SEARCH THE ARCHIVES

How to define ‘frustrating’ in 2021

‘Wow it must be really frustrating’, they say. 

Frustrating. 

That’s one word for it. 

Defining frustrating in 2021

You see if ‘frustrating’ was on a scale of 1 to 10, level 1 might be that your favourite cheese has sold out at the supermarket. Level 3 might be that you’ve specifically driven to a supermarket out of your way to find said cheese, and it’s sold out. Level 5 might be realising that said cheese is actually sold out indefinitely. Frustrating, but you’ll find another cheese I’m sure and in time, you’ll be ok. 

Now imagine that same scale, but we’re not talking cheese. We’re talking trying to get on a flight to be in a country that you have every right to be in – because you’re a citizen. Level 3 frustration, is paying $800 to change the date from February to April, in the hope that said country would have sorted out some sort of alternative to $3000 quarantine on arrival seeing as though it’s been a year since that nonsense started. 

Level 5 frustration is getting bumped off that flight to one a few weeks later thanks to caps on arrivals in said country getting stricter. Changing all the plans you’ve put in place for clients, study, work commitments, dentist appointments, property meetings etc etc to compensate for not having to be on a different timezone and in quarantine within a few weeks. 3856 phonecalls and emails later…. (with the postponing of everything being ‘well I may or may not be on a flight in a few weeks but I’m not sure I’ll let you know if they bump me again…’)

Level 7 frustration is getting bumped another month for the same reason, but being offered a $9500 upgrade to business class to guarantee your place on said flight. $9500? One way? Umm… no.

Level 9.5 frustration, is being offered one of the repatriation flights to through Germany to Darwin. 

“But that’s fabulous!” you must be thinking.

Let me show you the process of thought that that offer triggered…. 

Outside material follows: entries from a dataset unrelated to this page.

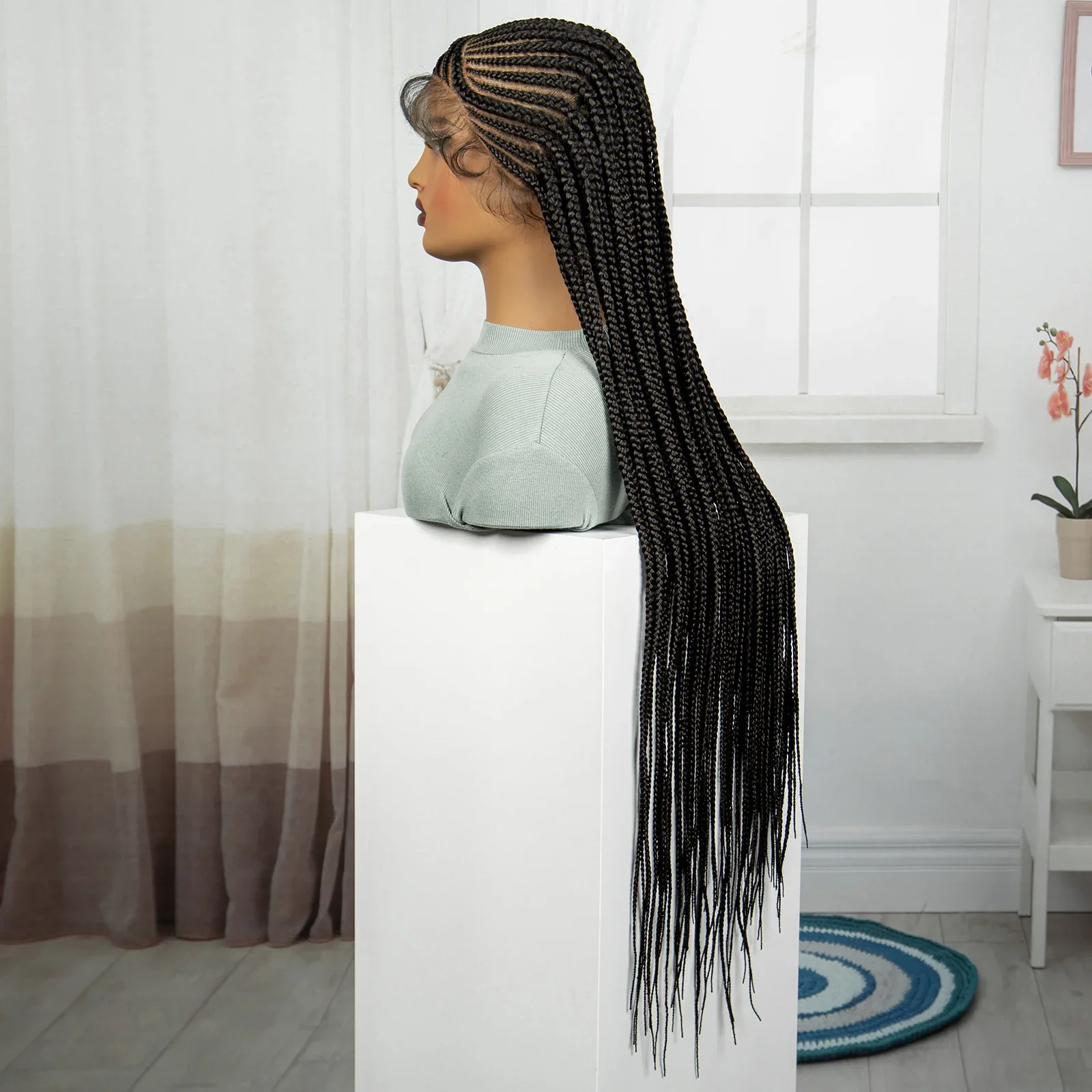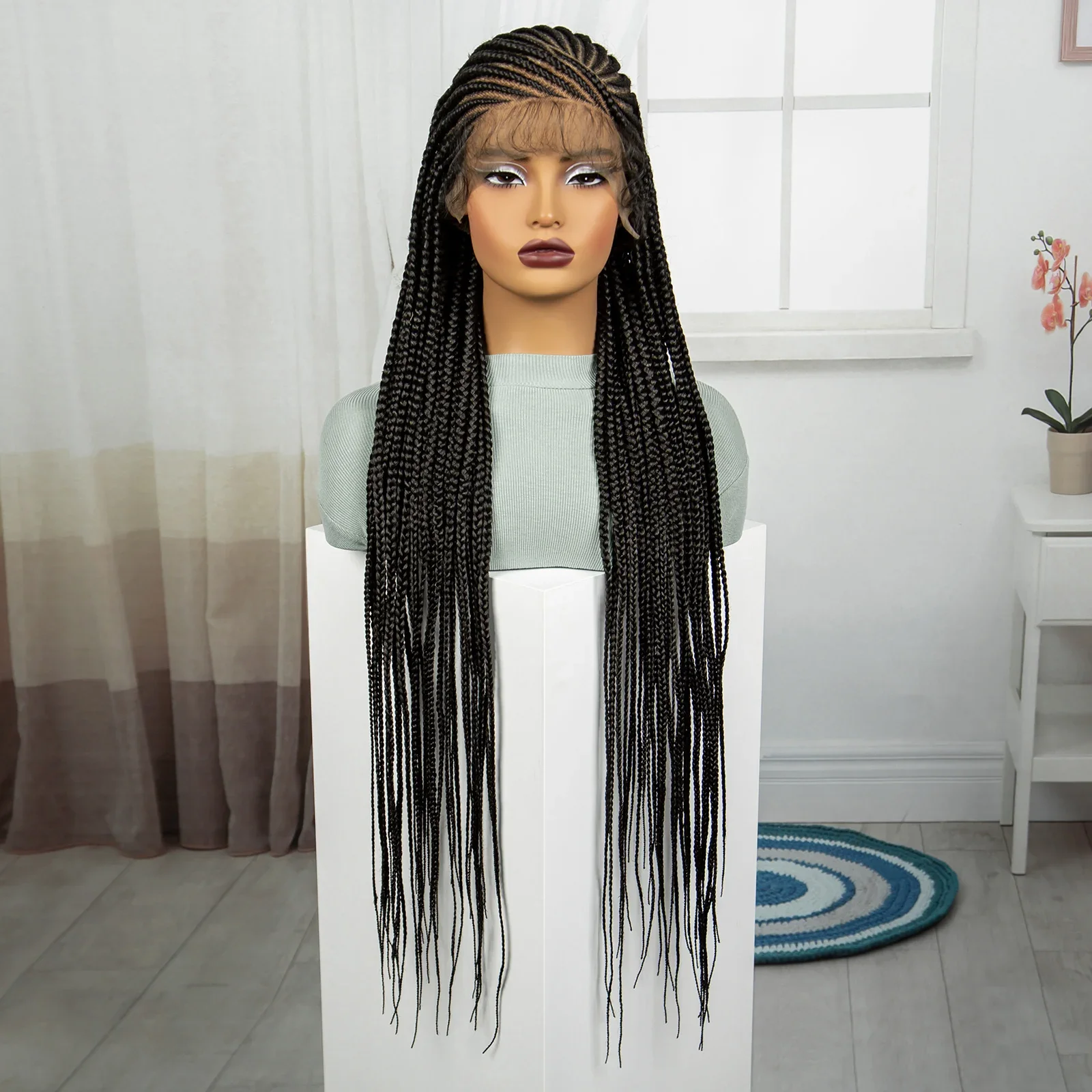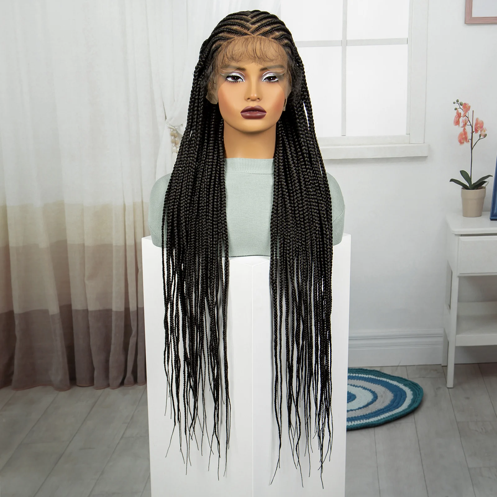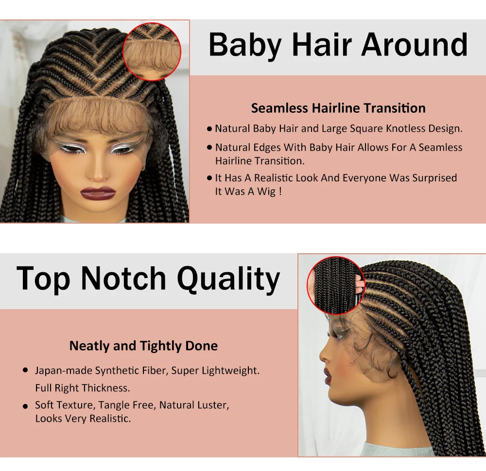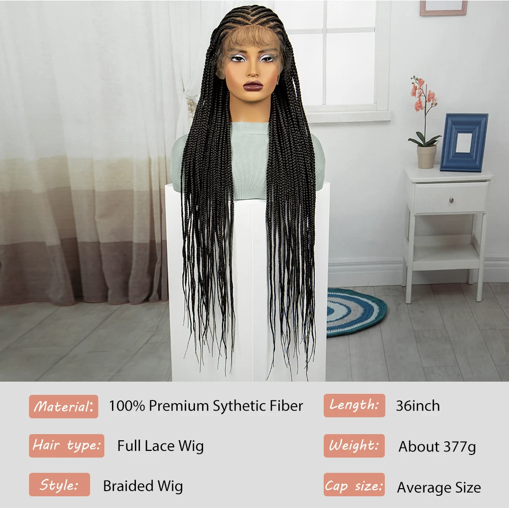 Synthetic Full Lace Braided Wig Cornrow Braided Wigs 36 Inch Natural Knotless Braiding Hair Wig with Baby Hair for Black Women
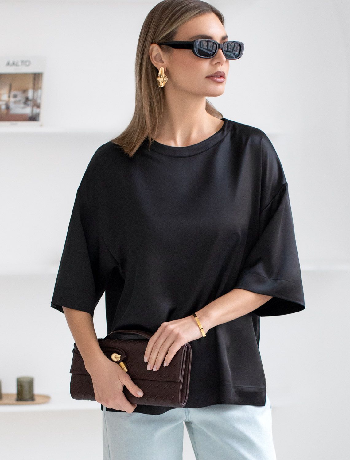 Блузка смотрится нарядно благодаря сочетанию мягкой текстуры сатина и его мягкого не вычурного блеска. Такая повседневная блузка легко впишется в деловой гардероб или станет отличным выбором для вечерней встречи с друзьями. Она гармонично сочетается с юбками, брюками или джинсами — вы сможете создать множество вариантов нарядов на каждый день или подобрать подходящий лук для особого случая, праздника или Нового года.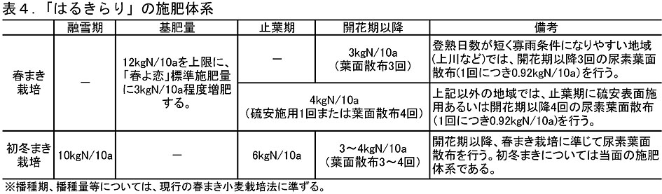 - 以上の結果から、「はるきらり」の施肥体系を表4に示す。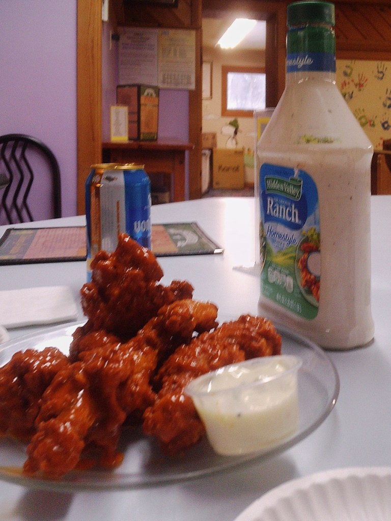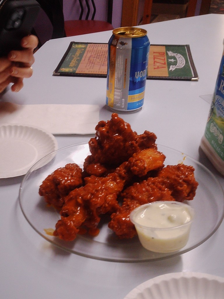 Pizza, wings and weird bowling.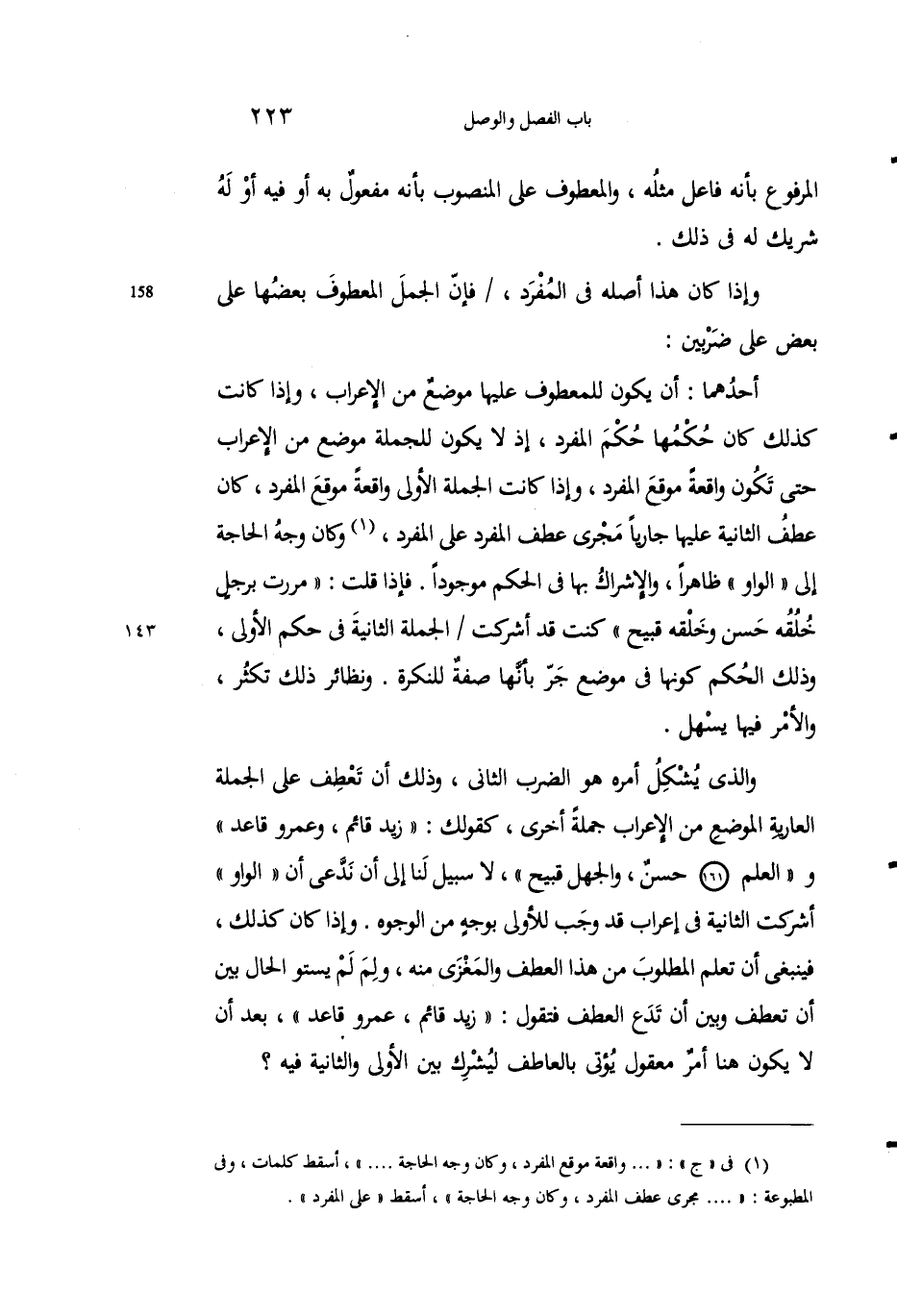 1 في "ج": " .... واقعة موقوع المفرد، وكان وجه الحاجة ... "، وأسقط كلمات، وفي المطبوعة: " .... مجرى عطف المفرد، وكان وجه الحاجة"، أسقط "على المفرد".

You’re right, it does sound good. The Australian government putting on flights for the 40,000 Aussies who are stranded abroad. Go Aussie Go. 

So you look into it. $2200 one way and they sell FAST so have to make a decision immediately. 

Right. Shelve all other work, study and personal commitments for the next few hours and see whether you can be ‘one of the lucky ones’ to get a guaranteed flight home – to a country that you’re a citizen of, and have 100% rights to live, work and play in. 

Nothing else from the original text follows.